▶ _Data for the task_:
******************************

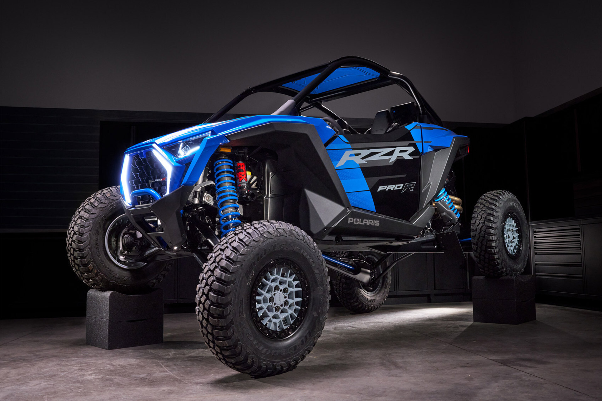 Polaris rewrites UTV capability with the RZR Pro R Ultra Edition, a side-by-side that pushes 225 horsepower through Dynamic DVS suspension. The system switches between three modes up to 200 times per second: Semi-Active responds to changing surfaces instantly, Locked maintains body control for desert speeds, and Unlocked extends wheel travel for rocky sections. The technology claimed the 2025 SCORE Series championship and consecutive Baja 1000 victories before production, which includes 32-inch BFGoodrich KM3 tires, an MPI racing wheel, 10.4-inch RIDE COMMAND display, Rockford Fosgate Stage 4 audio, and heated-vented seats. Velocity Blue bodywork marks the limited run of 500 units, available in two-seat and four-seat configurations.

******************************

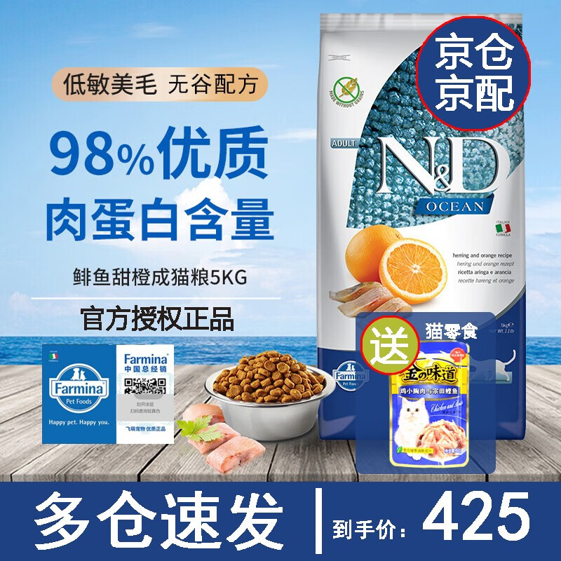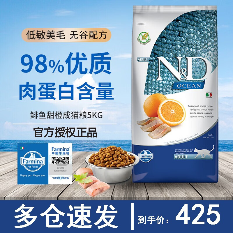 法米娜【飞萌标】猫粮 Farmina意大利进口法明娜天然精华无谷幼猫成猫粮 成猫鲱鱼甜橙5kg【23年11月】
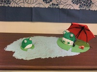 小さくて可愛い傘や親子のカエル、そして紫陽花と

******************************

▶ _What is expected_: In the data above, take the line with "法米娜【飞萌标】猫粮 Farmina意大利进口法明娜天然精华无谷幼猫成猫粮 成猫鲱鱼甜橙5kg【23年11月】", the line with "小さくて可愛い傘や親子のカエル、そして紫陽花と", and every line between, and set them down exactly without pictures.

▶ _Solution for this exercise_:
 法米娜【飞萌标】猫粮 Farmina意大利进口法明娜天然精华无谷幼猫成猫粮 成猫鲱鱼甜橙5kg【23年11月】
 小さくて可愛い傘や親子のカエル、そして紫陽花と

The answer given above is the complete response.